Consider this my requisite political posting of the week, but I had to comment on this doozy from Bob Shrum today on MSNBC. When asked about problems in the Clinton campaign, Shrum said that top Clinton strategist, Mark Penn has a thin campaign track record, having only worked on President Clinton's 1996 campaign and in his words, "that wasn't exactly tough."
Yeah, but you know what Mark Penn won that campaign. How many presidential campaign has Bob Shrum won?
But more to the point, it's patently untrue to suggest that Clinton's 1996 campaign was an easy race. Indeed, Penn and his partner Doug Schoen were brought on board in the winter of 1994/1995, which wasn't exactly a good time for the Democratic Party. Over the next year, they (along with Dick Morris) brilliantly repositioned President Clinton as a centrist Democrat (with some help from Newt Gingrich).

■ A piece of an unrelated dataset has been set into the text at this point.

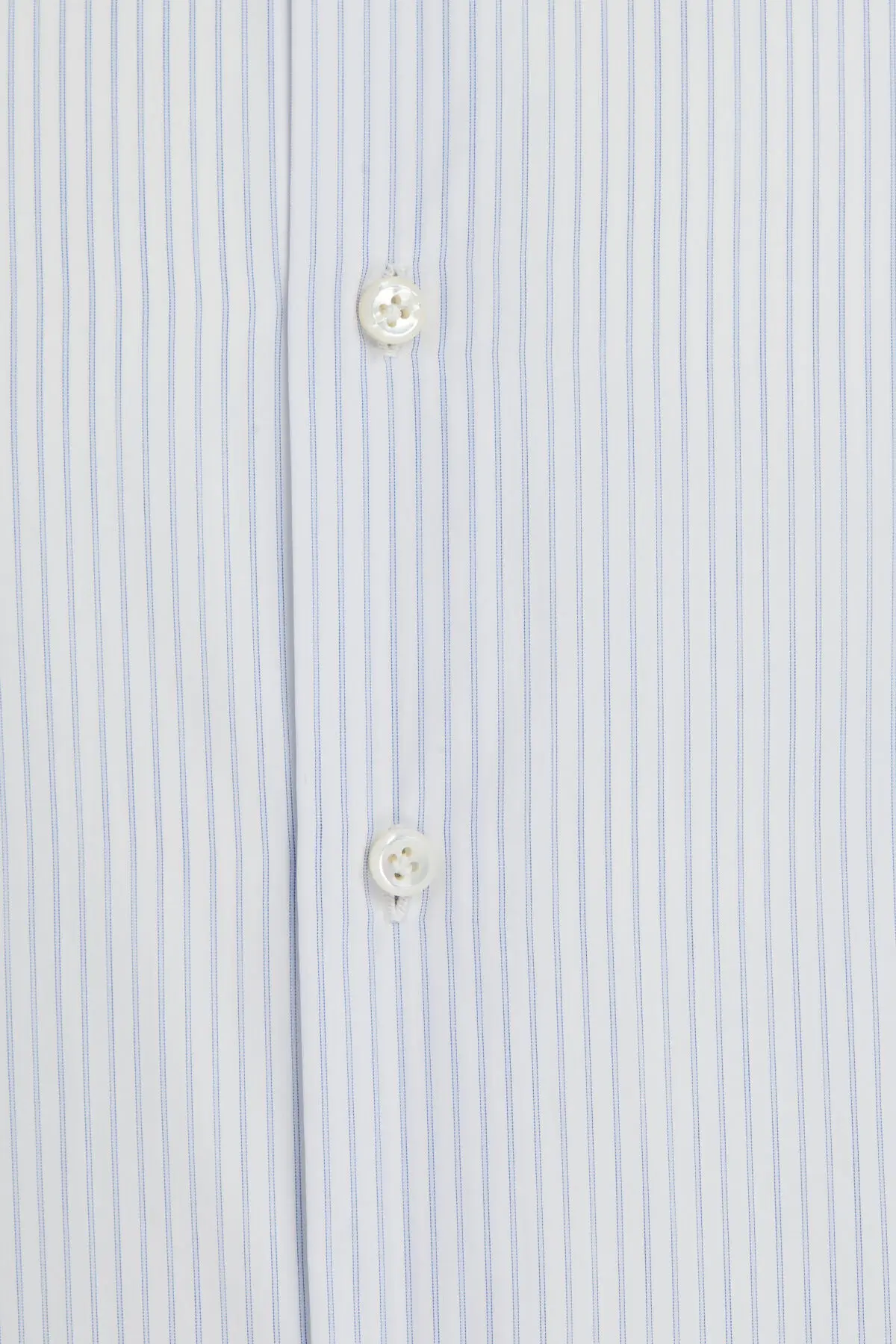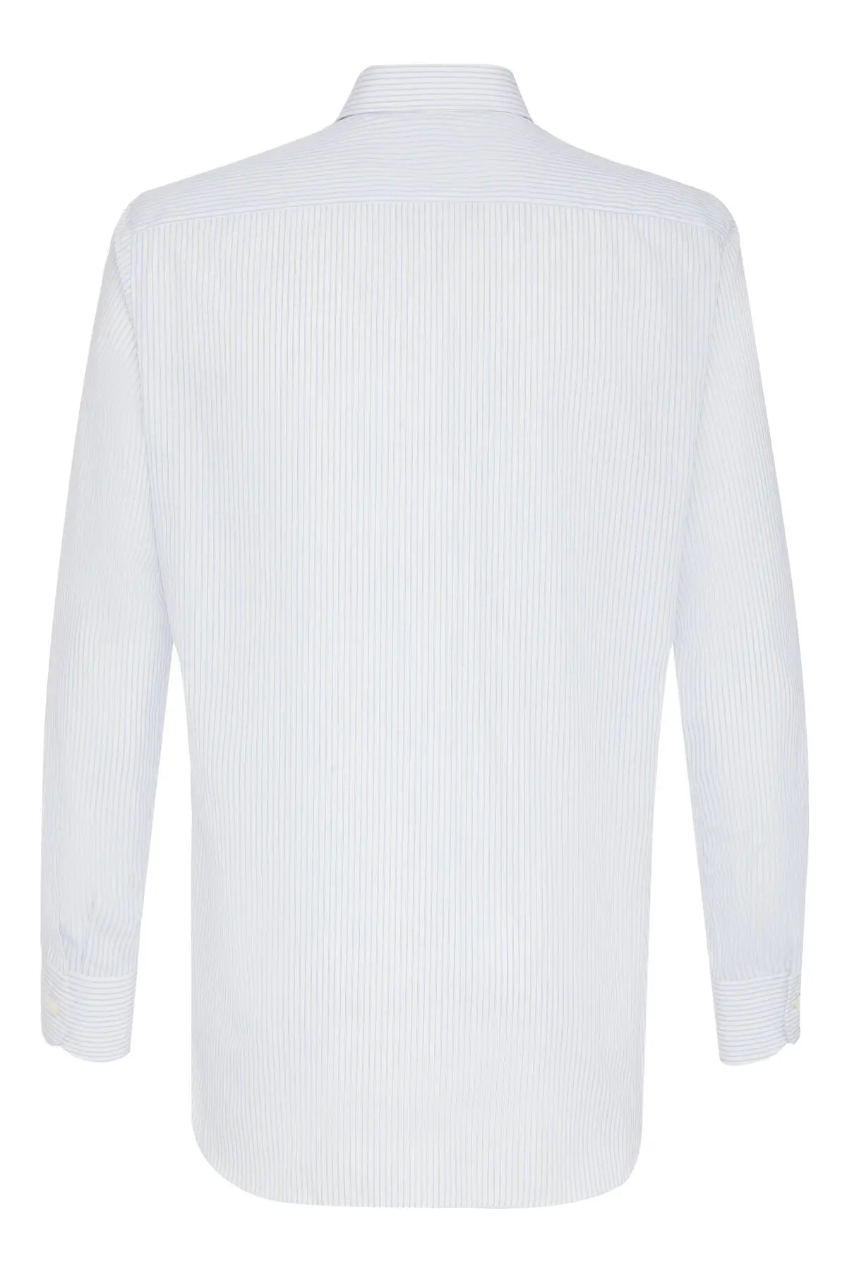 Рубашка с длинными рукавами выполнена из тонкого хлопка в светло-голубую вертикальную полоску. Классический воротник и застежка на пуговицы подчеркивают лаконичный силуэт и безупречный крой модели. Нейтральная расцветка легко сочетается с деловыми костюмами и повседневными брюками, делая рубашку универсальной основой гардероба.

Among some of the smart, strategic moves of that campaign were ads run by the DNC in swing states that extolled the President's record on crime; calling for a balanced budget in the Spring of 1995, which blunted GOP attacks on the White House (and were stridently opposed by Harold Ickes and others in the White house); focusing the government shutdown on GOP efforts to cut Medicare, Medicaid, education and the environment and changing the national debate from GOP-friendly family values to one of public values (a move that I believe was Penn's creation).
The reason why the 1996 race was so easy was because Clinton and the people around him did such a good job in 1995 of changing the public perception of him from a big government liberal, to a true centrist Democrat. After the 1994 debacle, that wasn't an easy thing.
What's more, you know what should have been an easy campaign - Al Gore's 2000 run for the White House. Let's ask Bob Shrum how that one worked out.
Now I'm not going to defend Penn's track record on the 2008 campaign, but Bob Shrum has zero right to be criticizing any Democrat when it comes to running an effective presidential campaign.